A Glasgow great-great gran celebrated her remarkable 105th birthday on Sunday.
Helen Palmer was joined by 80 members of her family for an afternoon tea at the Mount Vernon Bowling Club to honour the occasion.
Helen said: “I thought it was great. I wasn’t looking forward to it but it was actually a great crowd, all family.
“Everyone was so good, even with all the kids, they were really good and they thoroughly enjoyed themselves.
“They weren’t cheeky or anything like that.”
Head of the family, Helen's brood includes 16 grandchildren, 25 great-grandchildren, and seven great, great-grandchildren.
She said: “Before I came away they had a cake there and I had to cut the cake.
“And there was a big queue before I come away, and everyone was taking a turn to shake my hand and all that.”
She added: “I’d have loved to have a lot more, the likes of the one for my hundredth, it was a bigger thing with a bigger cake.”
To mark the special day, Helen received a letter from King Charles and the Queen Consort.
She plans to hang it next to the letter she received from Queen Elizabeth on her 100th birthday.

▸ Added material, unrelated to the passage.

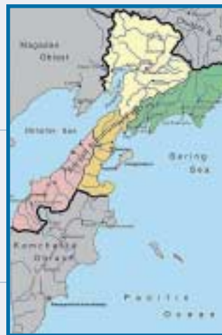
The Kamchatka Peninsula. Administratively, Kamchatka is divided into two major regions, the Kamchatka Oblast' [Province] and the Koryak Autonomous Okrug [Region] (KAR). The KAR is further divided into four Raions [districts]; the Karaginskiy (orange), Tigil'skiy (pink), Olyutorskiy (green), and Penzhinskiy (yellow). The administrative centers of these districts are indicated with red dots, with Palana being the capital of the KAR, and the other major villages with black dots.

Sometime later, in the late 19th and early 20th centuries, Franz Boas led a series of joint Russian-American expeditions into this region of northeastern

The centenarian was born on March 26, 1918, in the East End and has lived in the area all her life.
She said: "With my mother and father, we just had a single end.
"I was wild, I was always climbing on something. They were rebuilding Templetons at that time and we were just next to it.
“We were always scooting in and we were always getting chased.”
Helen worked in the Begg Cousland wire works on Springfield Road until 1942.
It was there she met her husband, Alec Palmer, who played centre-half for Scotland and competed against Ireland in 1946.
She said: “I was in the drillers. That’s what we called it. We had a grey dress, and a hat turned up.”
They were married in 1939 and had seven children.
Alec sadly passed away in 1992.
Helen loves to dance and though she is in good health she has not been able to attend since the pandemic.
She confesses that she misses the bingo and the line dancing, but she is still in good spirits.
Her secret to a long and happy life is to take each day as it comes.
She said “I just take a day at a time. I have that guardian angel who still watches me.
“I always say that guardian angel watches me.”
Her advice for young people today is to “keep going to church”.
She said: “I’ve not been for about two years now, but every Sunday we used to go to the mother’s group there."
It makes her happy to see how much her family has grown, and she still makes sure to send every youngster a card with a bit of money each birthday and Christmas.
She said: “I must thank them all, all the family, for all the things they’ve done. They’ve all done a lot.”
Instead of gifts for Helen's 105th birthday, the Palmer family have decided to fundraise for Calum's Cabin, a charity that supports the families of children with cancer and cancer-related illnesses.